Qifrey looks down at the clothes thrown askew around him—robes half-folded and half-inspected—where he must look like everything but the refined witch he's sought to be, and dearly hopes he must've heard wrong.
The door opens, and Qifrey finds himself unable to lift his eyes.
The first thing he hears is not words, but panting; heavy, hurried breaths. Qifrey should not be able to recognize the cadence of them.
"By the Wise, are you 'reyt?! You—Qifrey?"
Olruggio closes the distance in a handful of hurried strides, nearly tripping over himself as he makes his way to where Qifrey sits amid the wreckage of his search. Why is he here, and not where he should be, down in Ezrest? Qifrey hadn't called for him, does not imagine he ever would, like this. So why—
The bedside table. His hip hitting hard against it, the rings.
They must've fallen, and attached, and Olruggio had thought it an emergency, out of breath as he is. Why wouldn't he?

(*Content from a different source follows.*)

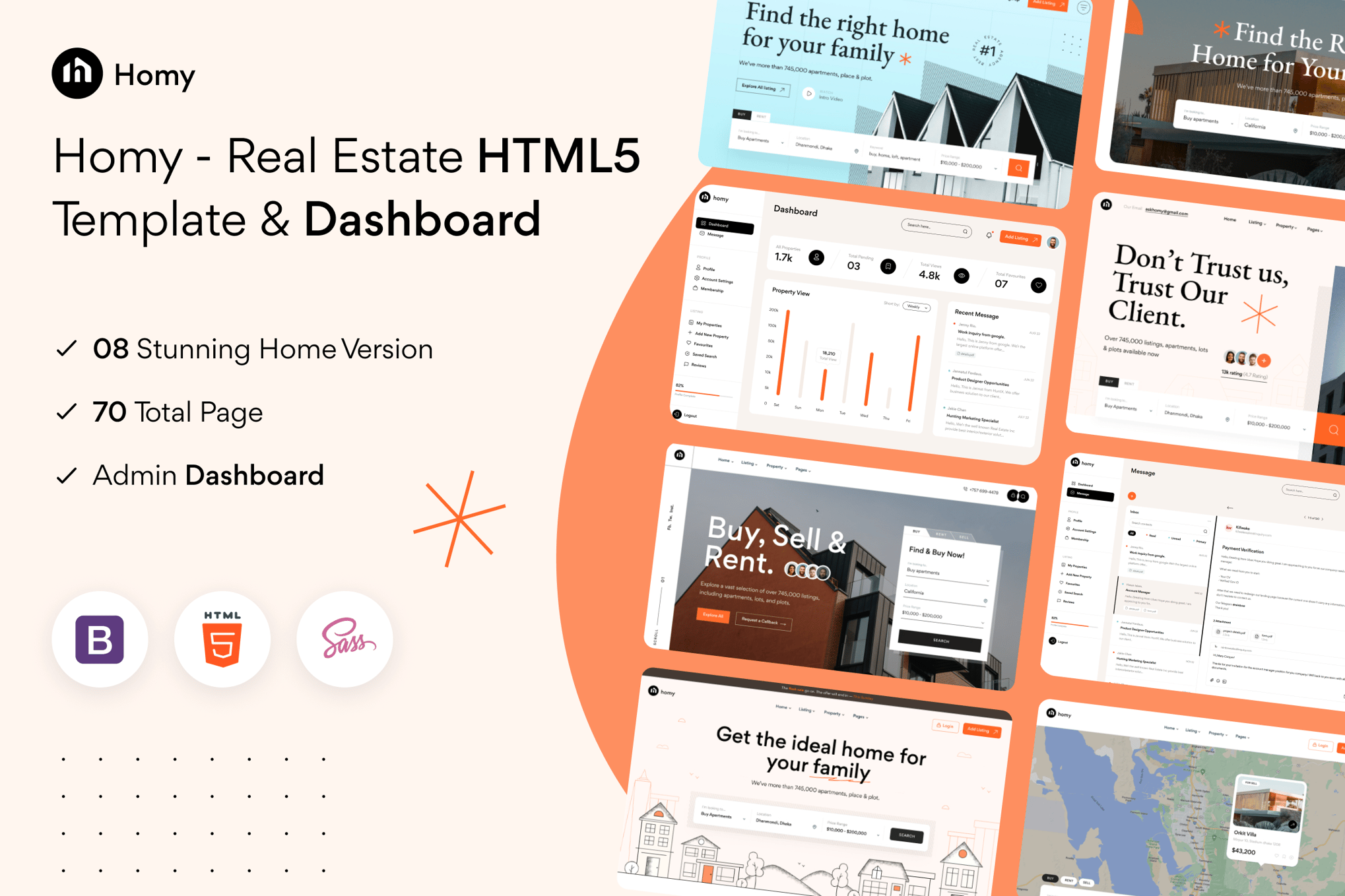 Presenting Homy – a sophisticated Real Estate HTML5 Template perfect for modern property websites. With its sleek design and advanced features, Homy effortlessly showcases properties with stunning visuals, ensuring an exceptional user experience. This template offers responsive layouts, client testimonials, inquiry forms, blog integration, and agent profiles, making it an ideal choice for real estate professionals and agencies looking to establish credibility and connect with potential clients. Additionally, Homy comes with a powerful dashboard panel, offering seamless control over your admin operations. With a wide range of features and easy customization options, Homy is the go-to choice for creating a professional and engaging online presence in the real estate industry.

Olruggio takes a step back; Qifrey is sure he must be studying the ruin around him. There's a sudden need to explain, and he meets his eyes at last.
"It was there," Qifrey's voice is just above a whisper, "Olly, it was there. I swear it."
"What are you talking 'bout? Up now," knees lower to his level, and hands press against the sides of his shoulders. The simple touch makes Qifrey want to recoil and lean into it in equal measure.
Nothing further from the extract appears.